Alas! the hand to pilfer, and the tongue to bear false witness, have no constitutional tendency. These are actions indifferent to them. At the first instance of the reformed will, they can be brought off without a murmur. The itching finger is but a figure in speech, and the tongue of the liar can with the same natural delight give forth useful truths, with which it has been accustomed to scatter their pernicious contraries. But when a man has commenced sot——
O pause, thou sturdy moralist, thou person of stout nerves and a strong head, whose liver is happily untouched, and ere thy gorge riseth at the name which I have written, first learn what the thing is; how much of compassion, how much of human allowance, thou may'st virtuously mingle with thy disapprobation. Trample not on the ruins of a man. Exact not, under so terrible a penalty as infamy, a resuscitation from a state of death almost as real as that from which Lazarus rose not but by a miracle.
Begin a reformation, and custom will make it easy. But what if the beginning be dreadful, the first steps not like climbing a mountain but going through fire? what if the whole system must undergo a change violent as that which we conceive of the mutation of form in some insects? what if a process comparable to flaying alive be to be gone through? is the weakness that sinks under such struggles to be confounded with the pertinacity which clings to other vices, which have induced no constitutional necessity, no engagement of the whole victim, body and soul?

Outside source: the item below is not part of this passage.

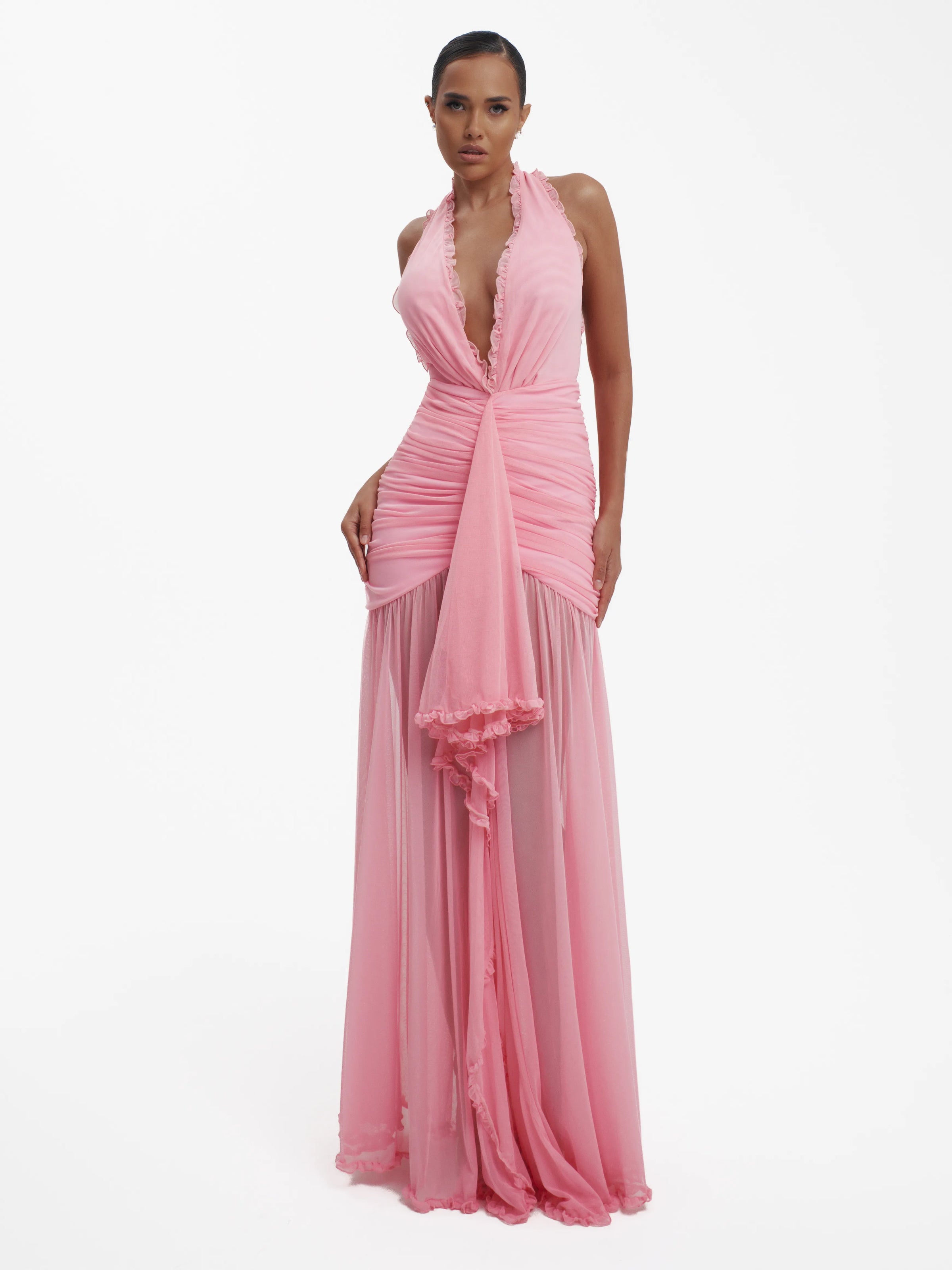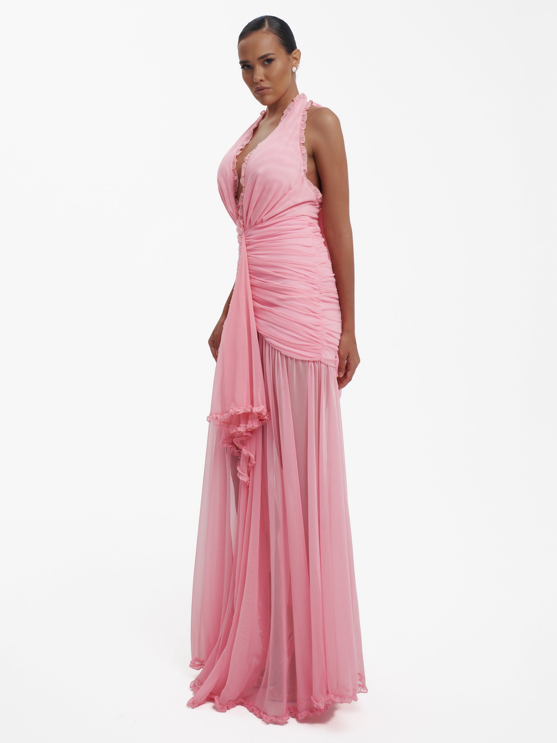 Make an unforgettable entrance with the Bare Minimum Mermaid Dress, featuring a dramatic plunge neckline and ruched bodice. Crafted from luxurious stretch mesh, it offers a contoured fit with cascading ruffles and a striking mermaid-style train.

I have known one in that state, when he has tried to abstain but for one evening—though the poisonous potion had long ceased to bring back its first enchantments, though he was sure it would rather deepen his gloom than brighten it—in the violence of the struggle, and the necessity he has felt of getting rid of the present sensation at any rate, I have known him to scream out, to cry aloud, for the anguish and pain of the strife within him.
Why should I hesitate to declare, that the man of whom I speak is myself? I have no puling apology to make to mankind. I see them all in one way or another deviating from the pure reason. It is to my own nature alone I am accountable for the woe that I have brought upon it.
I believe that there are constitutions, robust heads and iron insides, whom scarce any excesses can hurt; whom brandy (I have seen them drink it like wine), at all events whom wine, taken in ever so plentiful measure, can do no worse injury to than just to muddle their faculties, perhaps never very pellucid. On them this discourse is wasted. They would but laugh at a weak brother, who, trying his strength with them, and coming off foiled from the contest, would fain persuade them that such agonistic exercises are dangerous. It is to a very different description of persons I speak. It is to the weak, the nervous; to those who feel the want of some artificial aid to raise their spirits in society to what is no more than the ordinary pitch of all around them without it. This is the secret of our drinking. Such must fly the convivial board in the first instance, if they do not mean to sell themselves for term of life.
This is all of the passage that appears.